Divine Comedy, Cary's Translation, Hell eBook

This eBook from the Gutenberg Project consists of approximately 106 pages of information about Divine Comedy, Cary's Translation, Hell.

Some there I mark’d, as high as to their brow
Immers’d, of whom the mighty Centaur thus: 
“These are the souls of tyrants, who were given
To blood and rapine.  Here they wail aloud
Their merciless wrongs.  Here Alexander dwells,
And Dionysius fell, who many a year
Of woe wrought for fair Sicily.  That brow
Whereon the hair so jetty clust’ring hangs,
Is Azzolino; that with flaxen locks
Obizzo’ of Este, in the world destroy’d
By his foul step-son.”  To the bard rever’d
I turned me round, and thus he spake; “Let him
Be to thee now first leader, me but next
To him in rank.”  Then farther on a space
The Centaur paus’d, near some, who at the throat
Were extant from the wave; and showing us
A spirit by itself apart retir’d,
Exclaim’d:  “He in God’s bosom smote the heart,
Which yet is honour’d on the bank of Thames.”

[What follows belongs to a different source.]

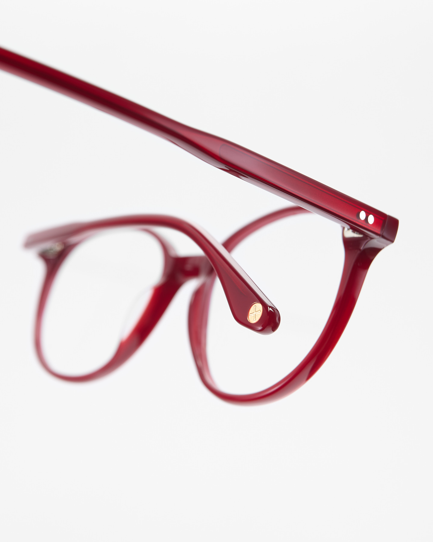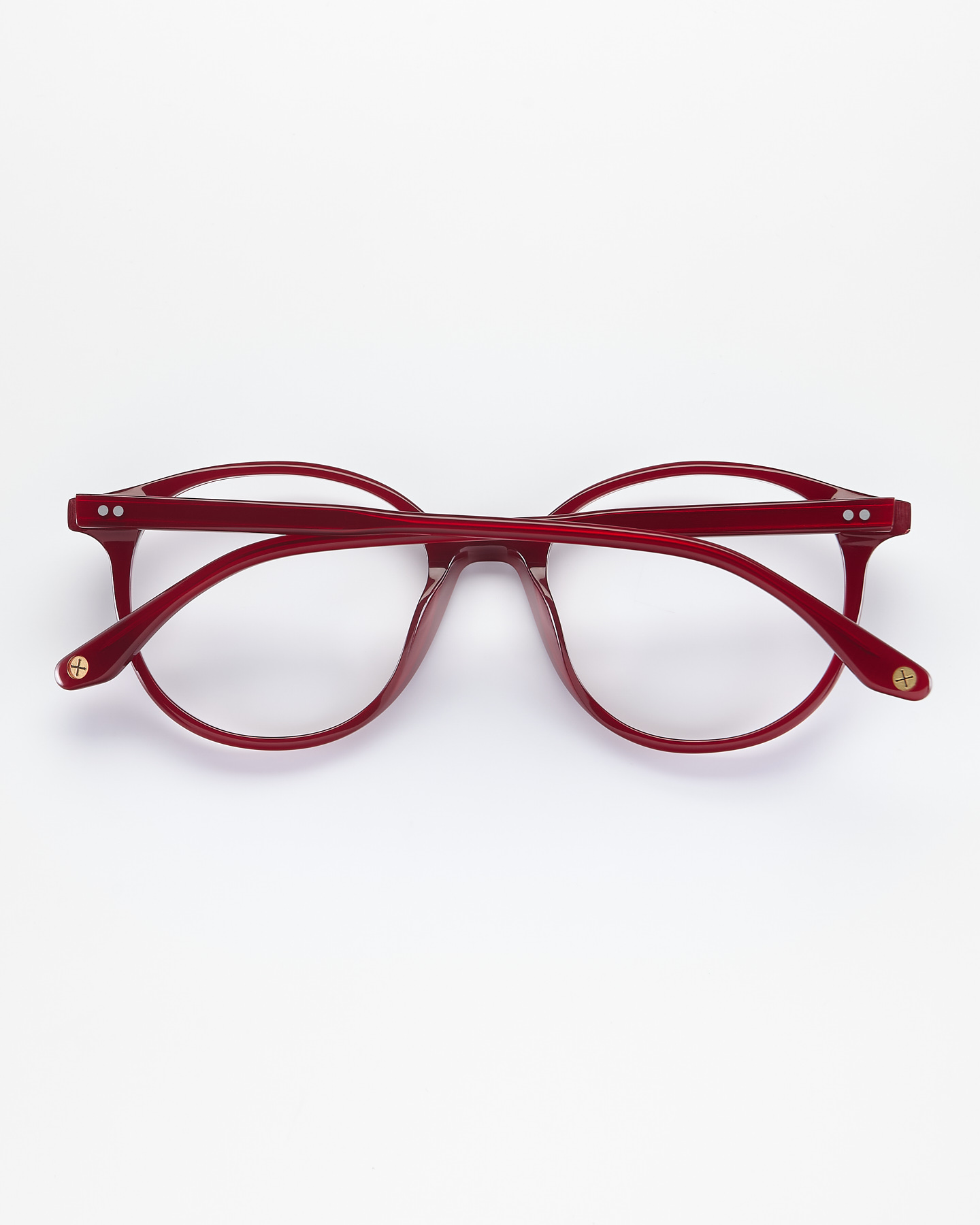 - Класичні двоточкові заклепки на торцях оправи та дужках.

A race I next espied, who held the head,
And even all the bust above the stream. 
’Midst these I many a face remember’d well. 
Thus shallow more and more the blood became,
So that at last it but imbru’d the feet;
And there our passage lay athwart the foss.

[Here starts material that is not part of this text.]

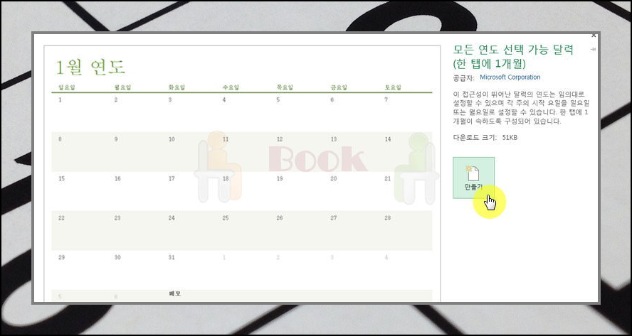 2024년 전용 달력도 좋지만, 매년마다 따로 다운로드 할 필요 없는 양식이 좋겠죠? 그런 의미에서 저는 이 양식을 이용해보겠습니다. 선택한 후에 '만들기' 버튼을 클릭해주세요.

“As ever on this side the boiling wave
Thou seest diminishing,” the Centaur said,
“So on the other, be thou well assur’d,
It lower still and lower sinks its bed,
Till in that part it reuniting join,
Where ’t is the lot of tyranny to mourn. 
There Heav’n’s stern justice lays chastising hand
On Attila, who was the scourge of earth,
On Sextus, and on Pyrrhus, and extracts
Tears ever by the seething flood unlock’d
From the Rinieri, of Corneto this,
Pazzo the other nam’d, who fill’d the ways
With violence and war.”  This said, he turn’d,
And quitting us, alone repass’d the ford.

CANTO XIII

Ere Nessus yet had reach’d the other bank,
We enter’d on a forest, where no track
Of steps had worn a way.  Not verdant there
The foliage, but of dusky hue; not light
The boughs and tapering, but with knares deform’d
And matted thick:  fruits there were none, but thorns
Instead, with venom fill’d.  Less sharp than these,
Less intricate the brakes, wherein abide
Those animals, that hate the cultur’d fields,
Betwixt Corneto and Cecina’s stream.

Here the brute Harpies make their nest, the same
Who from the Strophades the Trojan band
Drove with dire boding of their future woe. 
Broad are their pennons, of the human form
Their neck and count’nance, arm’d with talons keen
The feet, and the huge belly fledge with wings
These sit and wail on the drear mystic wood.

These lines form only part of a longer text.